Koty nie zdominowały jeszcze Korei (choć pewnie planują to razem z podbojem całego świata). Mimo że coraz częściej wdzierają się do koreańskich domów, bardziej popularne pozostają tu psy. Jeszcze dziesięć lat temu nie widziałam nigdzie przejawów tego trendu, ale w ostatnim czasie ulice Korei Południowej zaroiły się od małych uroczych piesków. Im słodszy, tym lepszy. Najlepiej maleńki i jasny. Koreańczycy stroją więc swoich pupili w kolorowe bluzy i sukienki z tiulem, a także prowadzają do psich fryzjerów na fryzowanie i farbowanie sierści. Psiego przyjaciela można łatwo nabyć w sklepie zoologicznym. Szczeniaczki spędzają tam całe dnie w małych szklanych celach na witrynie, tak żeby mógł je podziwiać każdy przechodzień. Ten sposób przetrzymywania psów wywołuje mój sprzeciw, ale u większości Koreańczyków raczej nie wzbudza kontrowersji. Hodowla w prywatnym domu również może odbiegać od przyjętych w Europie standardów. Niektórzy właściciele codziennie wyprowadzają swoje maleństwa na spacer, przy okazji z dumą prezentując ich bajeczne wdzianka. Inni nie widzą takiej potrzeby. Znajoma Unni wyprowadza swojego psa raz w tygodniu. Uważa, że zwierzak ma za słabe łapki, by biegać codziennie po dworze. Inna przetrzymuje swojego psa w mieszkaniu… w klatce. Boi się, że zwierzę zniszczy meble lub naniesie sierść. Pupil, poza porą spaceru i jedzenia, spędza dnie na mocno ograniczonej przestrzeni…

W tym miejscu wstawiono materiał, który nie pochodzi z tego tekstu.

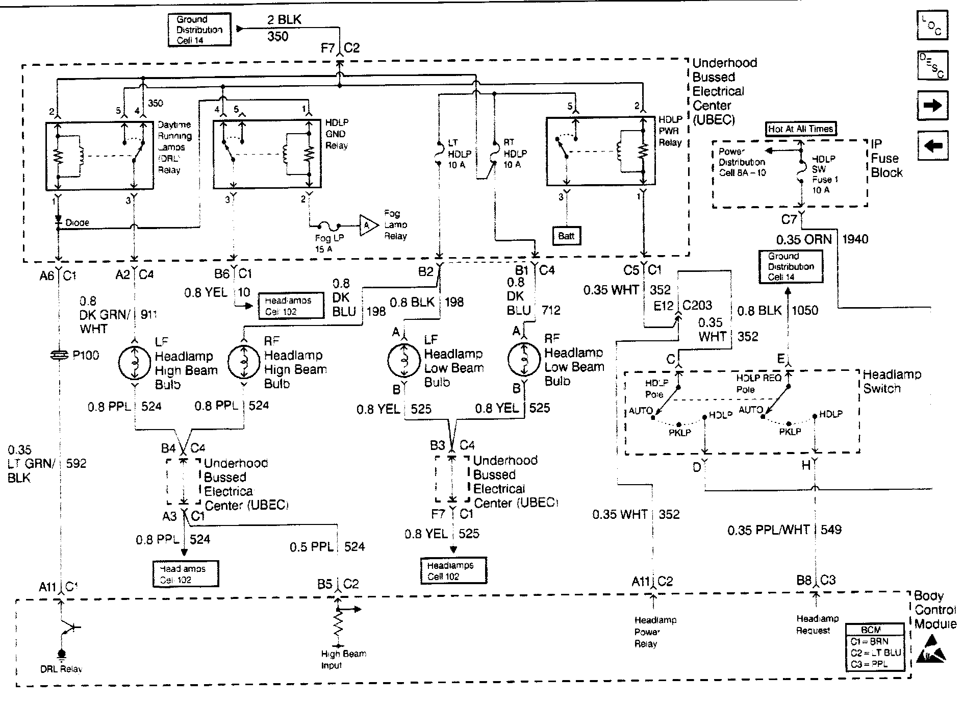 Body Control Module Schematics: Headlamp Switch And Headlamp Bulbs:

W klatkach na pokaz lądują nie tylko pieski.  Kilka lat temu na osiedlu Unni natykam się na zakład organizujący zajęcia dla dzieci. Tematem jest oswajanie ze zwierzętami. Trudno minąć to miejsce obojętnie ‒ przed drzwiami wzrok przyciąga klatka z żywą reklamą ‒ małą świnką. Oczywiście ciasna klatka. Podłoga z pręcików. Ledwo mieści się tu zwierzę wraz z miseczką wody. Nie wygląda na szczęśliwe ani zrelaksowane.  Jedyny plus jest taki, że ulica jest mało uczęszczana i nieszczęsną świnkę nie stresuje zbyt wielu przechodniów i aut. Mimo to jej sytuacja wygląda na nie do pozazdroszczenia i robi mi się jej żal. Jeśli tak wygląda los sztandarowej świnki, nie chcę wiedzieć jak przetrzymywane są inne prezentowane na zajęciach zwierzęta.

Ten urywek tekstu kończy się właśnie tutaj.